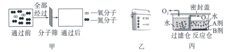 (4)分子型家用制氧器工作时气体变化的微观示意图如图甲,空气经过分子筛时氮气被吸附,氧气通过。
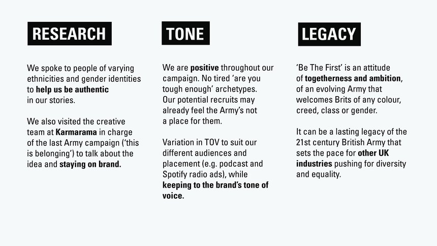 Be The First is a campaign of togetherness and ambition with mentorship and a see it to be it mentality at its core. To attract diversity through ages 16 to 35, we need to show it already exists - and thrives - in our ranks. It's a call to arms to become part of an evolving Army that welcomes Brits of any colour, creed, class or gender. An extension of the brand, Be The First could leave a legacy for the British Army that sets the tone for other UK industries pushing for diversity and equality.
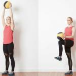 - Увеличивайте нагрузку используя более тяжёлый медицинский мяч, более широкую амплитуду движения или, если захотите, добавляя к упражнениям прыжок.
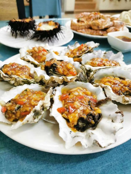 2、就餐:包餐,每天一早兩正,早餐:熱粥、主食南瓜大饅頭,油餅,蛋炒飯,4小涼菜,清爽下飯。中餐晚餐是重點:海菜包子、鲅魚餃子太鮮啦,回家還念念不忘,鮑魚、生蠔、海參、扇貝、海虹、海膽、海螺、海魚、江瑤貝刺身,蝦爬子,頓頓不重樣,量足新鮮,最難得的是這個季節(jié)的蝦爬子,一肚子籽啊,越嚼越香;江瑤貝刺身沾上芥末,那叫一個鮮美,舌頭都快吞掉了;還有海魚,男主介紹說都是自己出海釣的;海膽是第一回品嘗,也是美味,一點都不腥,女主的手藝這里要大大的夸贊一下,麻麻利利,干干凈凈的,藝如其人。
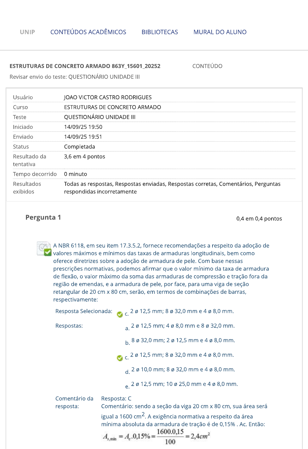 UNIP CONTEÚDOS ACADÊMICOS BIBLIOTECAS MURAL DO ALUNO ESTRUTURAS DE CONCRETO ARMADO 863Y_15601_20252 CONTEÚDO Revisar envio do teste: QUESTIONÁRIO UNIDADE III Usuário JOAO VICTOR CASTRO RODRIGUES Curso ESTRUTURAS DE CONCRETO ARMADO Teste QUESTIONÁRIO UNIDADE III Iniciado 14/09/25 19:50 Enviado 14/09/25 19:51 Status Completada Resultado da 3,6 em 4 pontos tentativa Tempo decorrido 0 minuto Resultados Todas as respostas, Respostas enviadas, Respostas corretas, Comentários, Perguntas exibidos respondidas incorretamente Pergunta 1 0,4 em 0,4 pontos A NBR 6118, em seu item 17.3.5.2, fornece recomendações a respeito da adoção de valores máximos e mínimos das taxas de armaduras longitudinais, bem como oferece diretrizes sobre a adoção de armadura de pele. Com base nessas prescrições normativas, podemos afirmar que o valor mínimo da taxa de armadura de flexão, valor máximo da soma das armaduras de compressão e tração fora da região de emendas, e a armadura de pele, por face, para uma viga de seção retangular de 20 cm X 80 cm, serão, em termos de combinações de barras, respectivamente: Resposta Selecionada: mm; 8 32,0 mm e mm. Respostas: mm; mm e mm. a. b. mm; mm e mm. mm; 8 32,0 mm e mm. d. mm; mm e mm. mm; 10 25,0 mm e mm. e. Comentário da Resposta: resposta: Comentário: sendo a seção da viga 20 cm X 80 cm, sua área será igual a 1600 A exigência normativa a respeito da área mínima absoluta da armadura de tração é de 0,15% Então: 1600.0,15 100Já a armadura longitudinal máxima, na região onde não houver emendas, será: = 1600.4 100 Por fim, como h = 80 cm > 60 cm, a armadura de pele em cada face da alma da viga será calculada pela expressão: = 1600.0,1 100 1,6cm² Deve-se, então, eleger as combinações de diâmetros comerciais de barras de aço, mais próximas dos valores calculados. Assim, conforme indica a figura a seguir, as combinações serão: Área de aço da seção conforme número de barras diâmetro (mm) 1 2 3 4 5 6 7 8 9 10 5,0 0,20 1,20 1.40 1,60 1,80 2,00 6,3 0,315 0,63 0,945 1,26 1,575 1,89 2,205 2,52 2,835 3,15 C 8,0 0,50 1,00 1,50 2,00 2,50 3,00 3,50 4,00 4,50 5,00 10,0 0,80 1,60 2,40 3,20 4,00 4,80 5,60 6,40 7,20 8,80 A 12,5 1,25 2,50 3,75 5,00 6,25 7,50 8,75 11,25 12,50 16,0 2,00 4,00 6,00 10,00 12,00 14,00 16,00 18,00 20,00 20,0 3,15 6,30 9,45 15,75 18,90 22,05 25,20 28,35 31,50 25,0 5,00 10,00 15,00 20,00 25,00 30,00 35,00 40,00 50,00 32,0 16,00 24,00 32,00 40,00 48,00 56,00 72,00 80,00 40,0 12,50 25,00 50,00 65,50 75,00 87,50 100,00 125,00 Fonte: livro-texto 2 12,5 mm = 2,5 (situação A, no quadro) mm = 64 (situação B, no quadro) (situação C, no quadro) Pergunta 2 0,4 em 0,4 pontos Com base na figura, na qual se representam detalhamento parcial de uma viga de concreto armado e hipotéticas seções a ela relacionadas, assinale a alternativa correta:35 A 35 N2 2 10 C=462 N3 3 C=386 5 N2 2 10 C=462 25 14 N4 2 225 56 N5 2 4 42 42 N6 C=310 N6 2 10 C=310 N1 54 0 5mm C=150 10 N7 2 12,5 620 N7 2 620 A 3N3 3N3 2N2 3N3 2N4 2N4 54N1 (I) 54N1 (II) 54N1 (III) (IV) 54N1 2x4N5 2x4N5 2x4N5 2x4N5 2N6 2N6 2N7 2N7 2N7 2N7 Fonte: autoria própria Resposta d. Selecionada: Trata-se de uma viga contínua de dois tramos simétricos em relação ao apoio central, sendo que ao corte AA corresponde a seção (II), e ao corte BB corresponde a seção (III), e N3, N4 e N6 são armaduras de tração. Respostas: a. Trata-se de uma viga contínua de dois tramos simétricos em relação ao apoio central, sendo que, ao corte AA corresponde a seção (III), e ao corte corresponde a seção (II), e N3 e N4 são armadura de compressão. b. Trata-se de uma viga biapoiada, sendo que ao corte AA corresponde a seção (II), e ao corte corresponde a seção (III), e N2, N3 e N4 são armaduras de compressão, enquanto N6 e N7 são armadura de tração. Trata-se de uma viga biapoada, sendo que ao corte AA corresponde a seção (III), e ao corte corresponde a seção (II), e N3 e N4 são armadura de compressão. d. Trata-se de uma viga contínua de dois tramos simétricos em relação ao apoio central, sendo que ao corte AA corresponde a seção (II), e ao corte corresponde a seção (III), e N3, N4 e N6 são armaduras de tração. e. Trata-se de uma viga contínua de dois tramos simétricos em relação ao apoio central, sendo que ao corte AA corresponde a seção (II), e ao corte corresponde a seção (III), e N3, N4 e N6 são armaduras de compressão. Comentário Resposta: D da resposta: Comentário: a simetria em relação ao centro da armadura deixa evidente tratar-se de armadura de uma viga contínua, triapoiada e simétrica em relação ao apoio central. Assim sendo, diagrama de momentos fletores "inverterá" na região desse apoio, fazendo com que as armaduras superiores trabalhem tracionadas. Assim, podemos dizer que: Alternativa A: trata-se de uma viga contínua de dois tramossimétricos em relação ao apoio central, mas ao corte AA não corresponde a seção (III), mas sim à seção (II), e ao corte não corresponde a seção (II), mas sim (III), e N3 e N4 não são armaduras de compressão, mas sim de tração. Portanto, a alternativa está incorreta. Alternativa B: não se trata de uma viga biapoiada, sendo que ao corte AA corresponde a seção (II), e ao corte corresponde a seção (III), e N2, N3 e N4 não são armaduras de compressão, enquanto N6 e N7 são armaduras de tração. Portanto, a alternativa está incorreta. Alternativa C: não se trata de uma viga biapoiada, sendo que ao corte AA não corresponde a seção (III), mas sim (II), e ao corte não corresponde a seção (II), mas sim a (III), e N3 e N4 não são armaduras de compressão, mas sim de tração. Portanto, a alternativa está incorreta. Alternativa D: trata-se de uma viga contínua de dois tramos simétricos em relação ao apoio central, sendo que ao corte AA corresponde a seção (II), e ao corte corresponde a seção (III), e N3, N4 e N6 são armaduras de tração. Portanto a

---*---

» **Task brief**
From the first line of the records through the line containing "Be The First is", please output exactly those lines and nothing more, leaving out the pictures.

» **Problem solution**
 (4)分子型家用制氧器工作时气体变化的微观示意图如图甲,空气经过分子筛时氮气被吸附,氧气通过。
 Be The First is a campaign of togetherness and ambition with mentorship and a see it to be it mentality at its core. To attract diversity through ages 16 to 35, we need to show it already exists - and thrives - in our ranks. It's a call to arms to become part of an evolving Army that welcomes Brits of any colour, creed, class or gender. An extension of the brand, Be The First could leave a legacy for the British Army that sets the tone for other UK industries pushing for diversity and equality.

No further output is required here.